Taking this analogy one step further, successful fraudsters seem good at shrinking their victims' context windows. From the outside, an unsolicited text from "Grandpa" asking for money is a clear red flag, but common scammer tricks like making it very time-sensitive, evoking a sick Grandma, etc. could make someone panicked enough to ignore the broader context.

pixl97 • 6 days ago

>as a human there's virtually nothing I can put here that will convince you to send me your social security number,

"I'll give you chocolate if you send me this privileged information"

Works surprisingly well.

1 reply

kweingar • 6 days ago

Let me know how many people contact you and give you their information because you wrote this.

TZubiri • 6 days ago

They technically have system prompts, which are distinct from user prompts.

But it's kind of like the two bin system for recycling that you just know gets merged downstream.

stevenwliao • 5 days ago

There's an interesting paper on how to sandbox that came out recently.

Summary here: https://simonwillison.net/2025/Apr/11/camel/

TLDR: Have two LLMs, one privileged and quarantined.

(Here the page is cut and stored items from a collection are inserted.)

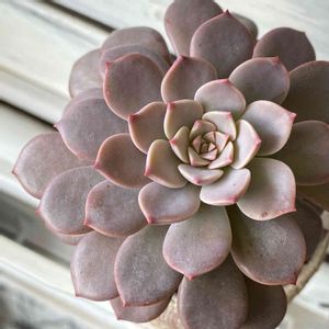 素敵なくすみカラーのデビー 𖧷 ⁺. しかし、葉がペラペラだなぁ… どうすればぷくぷくの葉になるのかなー(^^;)
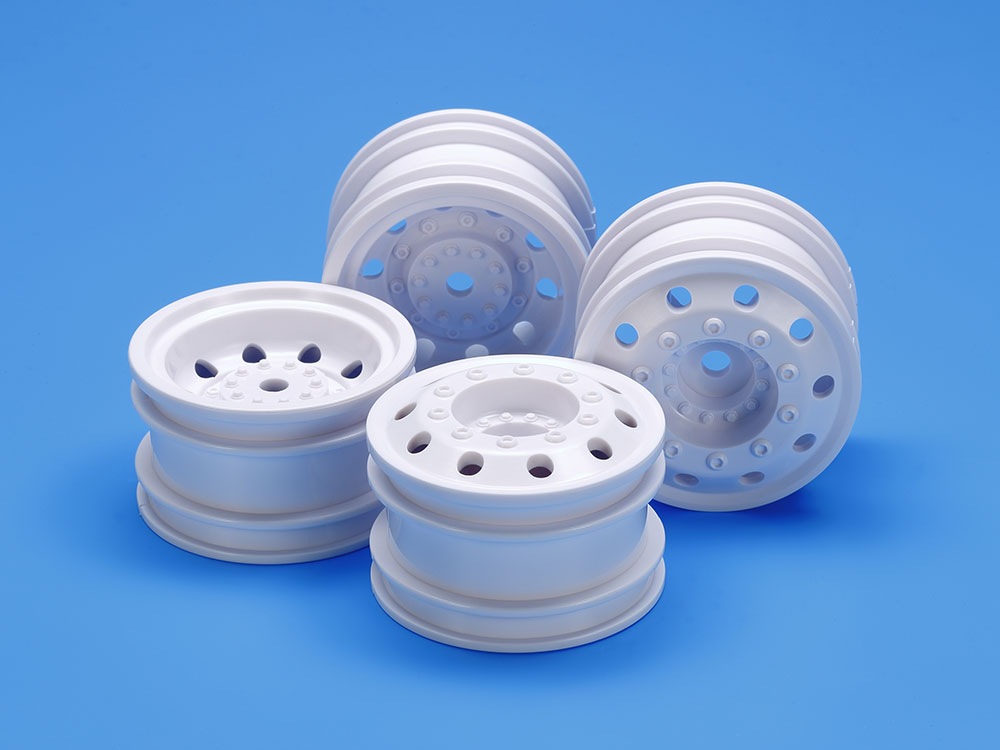 ABS樹脂製。ホワイトカラーの前後ホイールを各2本ずつセットTT-02RRシャーシ
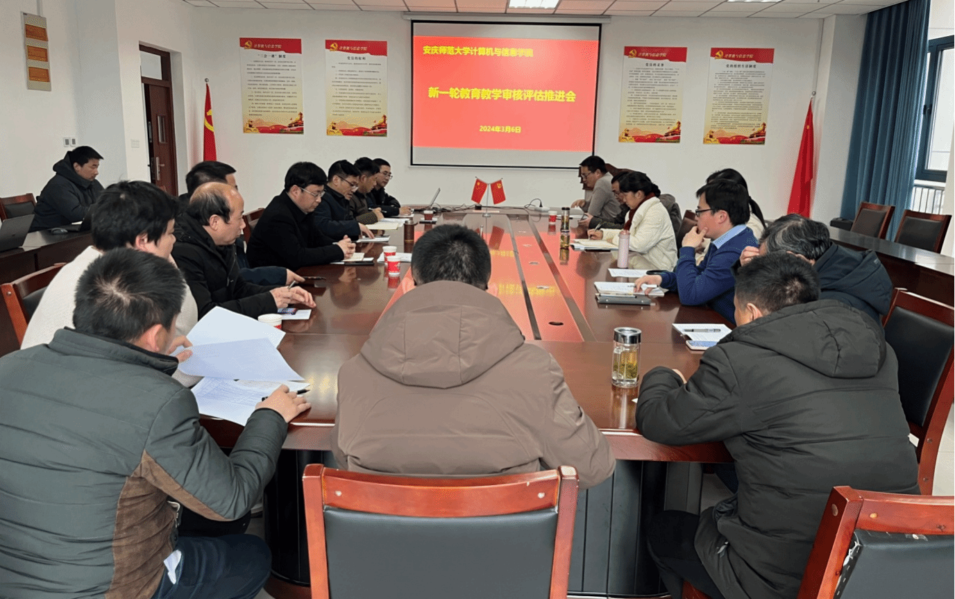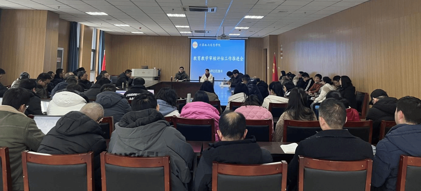 3月6日,计算机与信息学院召开审核评估工作组会议,对教育教学审核评估工作进行再推进。会上,党委书记陈银凤肯定了教育教学审核评估工作启动以来学院相关工作的进展与成效,结合学校督查组来院督查与整改反馈的情况,对评估工作组的成员提出了具体要求,要强化认知,把审核评估的各项任务放在心上,具体责任扛在肩上,推进落实抓在手上,要对督查中发现的问题进行举一反三,立行立改,要结合评估的观测点对标对表抓好教育教学的各项工作落实,保证高质量完成工作任务,要围绕立德树人根本任务履行好责,展现良好的精神风貌。院长刘奎分析了目前审核评估工作的进展现状和工作落实存在的问题,结合学院审核评估工作方案,对审核评估工作进行了再部署推进,要求全体师生要提高政治站位,充分认识新一轮教育教学审核评估的重大意义;要深刻领会新一轮审核评估目标任务,精准把握新一轮审核评估的内涵,扎实做好新一轮本科教育教学自评自建工作,对标对表完成各项任务;结合学院教学质量提升工作方案,对学院近期要开展大听课、观摩示范课等工作进行了强调,希望大家要统一思想,以饱满的热情和主人翁的责任感迎接新一轮评估工作,全面提升课堂教学质量,真正达到以评促建,以评促管,以评促改,以评促强的目标。

Generate Python code with the privileged one. Check code with a custom interpreter to enforce security requirements.

1 reply

gmerc • 5 days ago

Silent mumbling about layers of abstraction

MattPalmer1086 • 6 days ago

No, that particular attack vector goes away. The attack does not, and is kind of fundamental to how these things currently work.

1 reply

tsimionescu • 6 days ago

The attack vector is the only relevant thing here. The attack "feeding malicious prompts to an LLM makes it produce malicious output" is a fundamental feature of LLMs, not an attack. It's just as relevant as C's ability to produce malicious effects if you compile and run malicious source code.

1 reply

MattPalmer1086 • 6 days ago

Well, that is my point. There is an inbuilt vulnerability in these systems as they do not (and apparently cannot) separate data and commands.

This is just one vector for this, there will be many, many more.

1 reply

red75prime • 6 days ago

LLMs are doing what you train them to do. See for example " The Instruction Hierarchy: Training LLMs to Prioritize Privileged Instructions " by Eric Wallace et al.

1 reply

MattPalmer1086 • 6 days ago

Interesting. Doesn't solve the problem entirely but seems to be a viable strategy to mitigate it somewhat.